The phone rang. Mary jumped. Her nerves, often frayed, were now in tatters. A number of red lights blinked. She wanted to avoid the calls, but did not know whether any were important—one of them might be Kolo, or Cheeseman. On the other hand, perhaps the calls were just from the press or the police.

Mary phoned reception and instructed them to forward calls from the media straight to Publicity. A moment later she redialled. “I forgot,” she said. “Forward all calls from the police to Publicity as well.”

The minute she put down the receiver, the phone rang again.

She exploded. Reception had not understood these basic instructions. Morons.

“Mary Glass,” she screamed. “What the fuck is it?”

“How
dare
you speak to your parents like that!” her mother shouted. “Well, I never.” She turned away from the phone. “It’s Mary! I’ve finally got through! Pick up the other phone!” She
turned back to Mary. “Well, I’ve got to say, young lady, that you’ve got …” The other phone clicked. “… a real cheek.”

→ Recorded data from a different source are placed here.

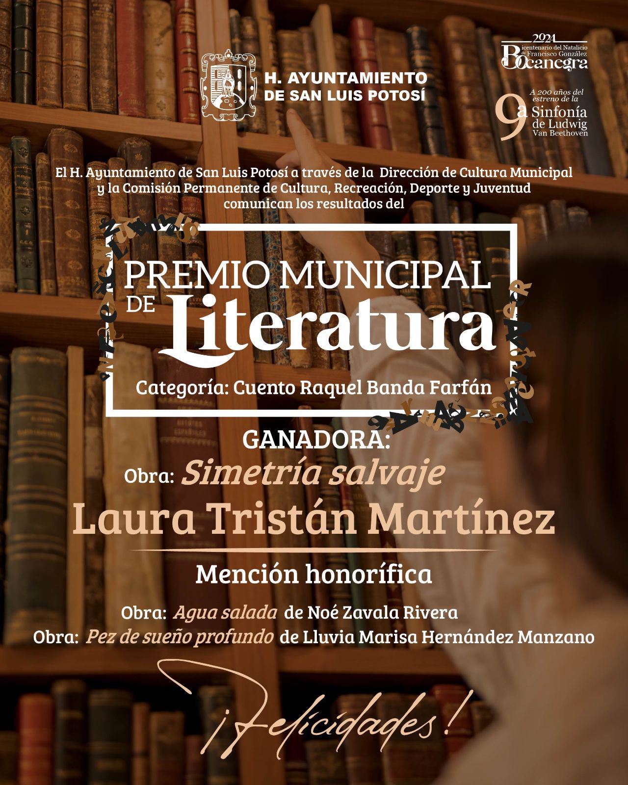 En la categoría de Cuento “Raquel Banda Farfán”, la obra «Simetría Salvaje», de la escritora Laura Tristán Martínez, se alzó con el primer lugar, destacando por su lenguaje poético y su envolvente narrativa. Asimismo, se otorgaron menciones honoríficas para “Agua salada” de Noé Zavala Rivera y “Pez de sueño profundo” de Lluvia Marisa Hernández Manzano.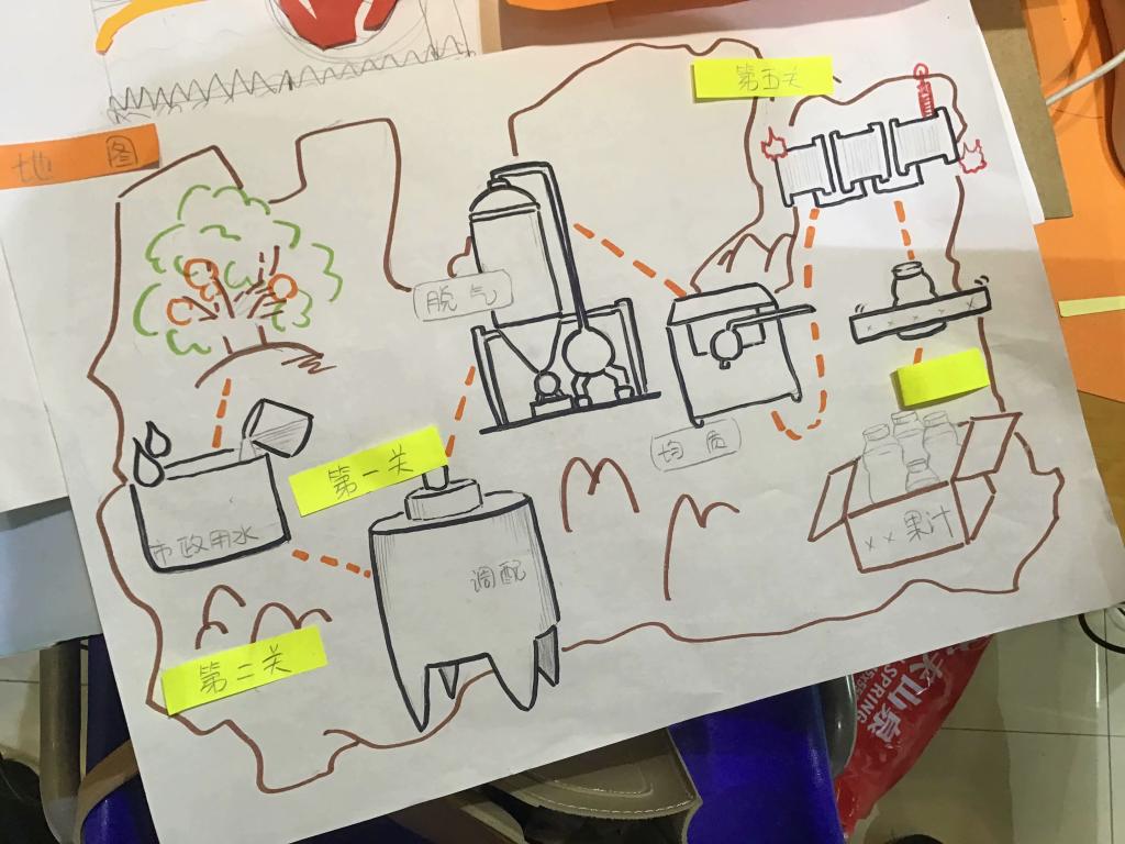 工作坊期间,同学们从食品生产这个主题入手,旨在设计出帮助食品专业的学生在玩游戏中学到知识的严肃游戏原型。在工作坊正式开始之前,同学参加了六次小型研讨会提前熟悉严肃游戏和食品生产基础知识并锻炼了英语口语能力和小组合作能力。工作坊的学习一共分为三个阶段:严肃游戏的概念学习、纸质原型的设计、数字原型开发。第一阶段,教授们展示了一个非常基本的游戏Tic-Tac-Toe,学生在改进游戏的设计的过程中理解游戏设计中MDA(Mechanics,Dynaics,Aesthetics)模型的功用。第二阶段,结合食品生产线展开头脑风暴,学生们选择最佳的游戏方案迭代开发纸质原型。第三阶段,艺术同学用PS游戏场景和角色,技术同学用UNITY编写代码实现游戏功能,共同开发数字原型。同学们发挥各自的专业特长,设计游戏,绘制图形界面,编写程序,亲身参与游戏设计和开发的全过程。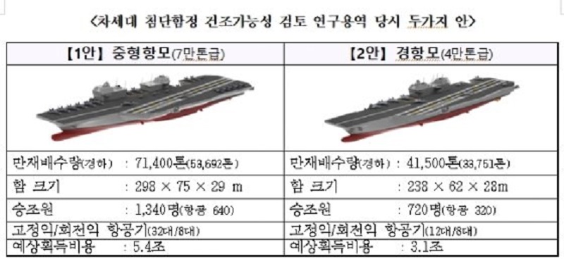 Δυο προτάσεις παρουσιάστηκαν για την απαίτηση του νοτιοκορεάτικου Ναυτικού για την προμήθεια ενός νέου αεροπλανοφόρου από το 2033, μία για ένα αεροπλανοφόρο μεσαίου μεγέθους 70.000 τόνων κι ένα ελαφρύ 40.000 τόνων.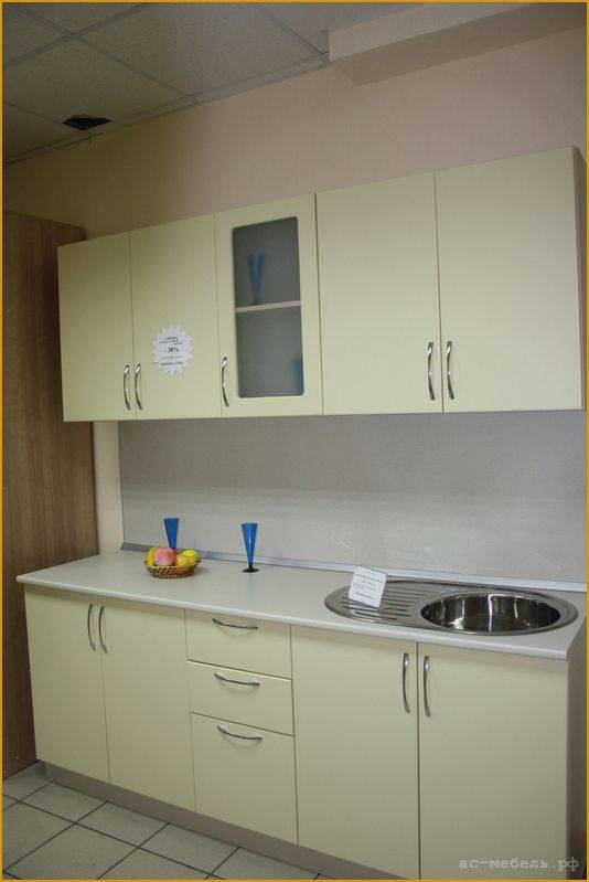 Кухня выполнена из высококачественных материалов, что обеспечивает ее долговечность и надежность. Фасады изготовлены из МДФ, что придает им элегантный внешний вид. Кухня оснащена прочными металлическими ручками, которые легко открываются и закрываются.

“What is it?” Father asked.

“She answered the phone ‘Mary Glass,’” her mother spoke in a shocked hush, “with the ‘F’ word in the same sentence!”

“How dare you use our name!” Father yelled. “It’s time you got married. Use someone else’s name for once.”

“As if it isn’t bad enough to have a terrorist in our midst, now we have a killer.” Mother started blubbering. Her sobs caught, and she struggled for breath.